WKLA-FM
- Ludington, Michigan; United States;
- Frequency: 96.3 MHz
- Branding: 96.3 KLA

Programming
- Format: Top 40 (CHR)
- Affiliations: Local Radio Network (Hot Hits)

Ownership
- Owner: Synergy Media, Inc.
- Sister stations: WKLA, WKZC, WLDN, WWKR

History
- First air date: August 15, 2016
- Former call signs: WNOM (2015–2016)
- Call sign meaning: Karl L. Ashbacker (original owner)

Technical information
- Licensing authority: FCC
- Facility ID: 191495
- Class: A
- ERP: 3,400 watts
- HAAT: 118 meters
- Transmitter coordinates: 43°55′01″N 86°26′12″W﻿ / ﻿43.91694°N 86.43667°W

Links
- Public license information: Public file; LMS;

= WKLA-FM =

WKLA-FM (96.3 FM, "96.3 KLA") is a radio station located in Ludington, Michigan broadcasting a Top 40 (CHR) format. It is branded as 96.3 KLA

==History==

===The original WKLA-FM===

The original WKLA-FM is what is now WWMN, which began operations in May 1971 and spent much of its programming day simulcasting its AM sister station throughout the 1970s. Around 1980, the station further separated programming from the AM's Middle of the Road format by moving into Adult Contemporary, which has been the station's format since, although the station still simulcast the AM during certain dayparts until 2000.

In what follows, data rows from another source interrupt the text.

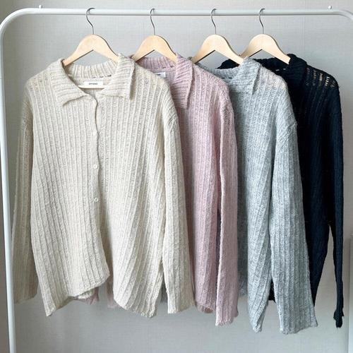 [신상오픈런]여성 여리핏 파스텔 색상 카라넥 골지 버튼 울 니트 가디건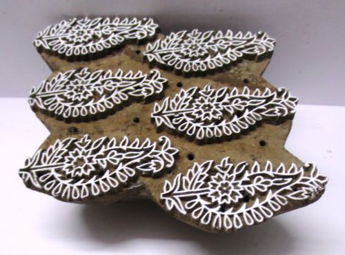 INDIAN WOODEN HAND CARVED TEXTILE PRINTING FABRIC BLOCK STAMP FINE FLORAL LEAF
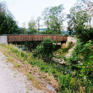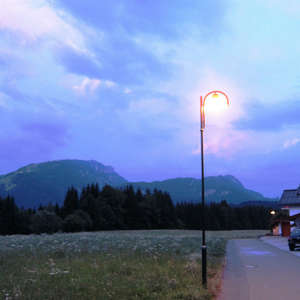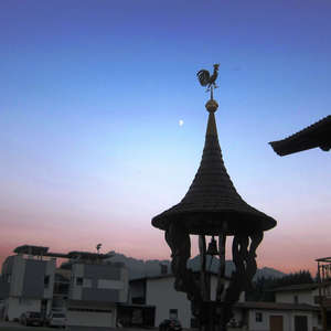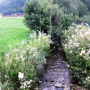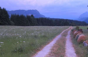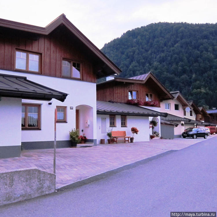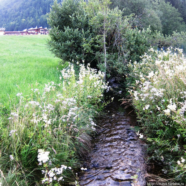 Насмотревшись вдоволь на эту пастораль, на следующий день мы прошлись по окрестностям. Дошли до речки. Прошлись вдоль речки до моста. А оказалось, что в этой точке сливаются два ручья, а между двумя рукавами лесок и тропинка. Само собой, мы пошли в лесок и шли до следующего мостика под веселое журчание с двух сторон. Дорожка расчищенная, никакого мусора и тишина, как будто нет никакого жилья за много километров вокруг. Перейдя мостик, по скошенному лугу дошли до поселка. Это где-то недалеко от центра. Тут есть ресторанчики и кафе, магазины, церковь и супермаркет. Все уже закрыто: все работает до семи, а восемь – это уже очень поздно. Дошли до автомобильного моста. И как раз вовремя: успели поймать облака, окрашенный закатно — золотыми лучами солнца. Эта часть поселка более старая, тем не менее, балкончики с цветами наблюдаются и здесь. Теперь надо решать, по какой дороге возвращаться дамой: кроме той, по которой пришли было еще две. Решили идти вдоль левого ручья, так как по правому берегу мы шли вчера. До околицы мы шли по тротуару, а потом тротуар куда-то исчез, вместо него появилась тропка. Как оказалось, с обеих сторон трассы вместо тротуаров, для пешеходов есть тропинки в лесу. Тропинки связывают между собой отдаленные части поселка. По такой тропке мы дошли до самой гостиницы. Само собой, навестив по дороге лесную часовню, посидев у озерца до полного посинения гор. И домой вернулись в полной темноте.

Synergy Broadcast Media purchased WKLA-FM in 2012 from Lake Michigan Broadcasting. The deal did not close until June 19, 2013, at a price of $580,000 for WKLA-FM and sister stations WKLA and WKZC. Almost immediately, Synergy announced that it was seeking FCC approval to move the areas oldest operating FM station to Thompsonville, Michigan. (FCC File #BPH-20130801A0K).

The station changed its call sign to WWMN on August 15, 2016. On November 18, 2016, WWMN debuted its new adult album alternative format, branded as "106.3 The Mitten".

===96.3 FM history===

In 2013, the owners of WGHN-AM/FM applied for a construction permit on 97.7 FM in Ludington. In early 2016, the construction permit was moved to 96.3 to avoid interference from WMLQ in Manistee. In August 2016, WKLA-FM moved to 96.3 FM and continued the Westwood One Hot AC format as "Hits 96" (now "96-3 KLA" to avoid confusion with WSFQ, which, at the time, was known as "Hits 96" and also on 96.3; WKLA and WSFQ, along with WLXT in Petoskey, are known for interfering with each other in the Manistee area). Early 2019, 96.3 KLA flipped from Hot AC to Top 40 (CHR).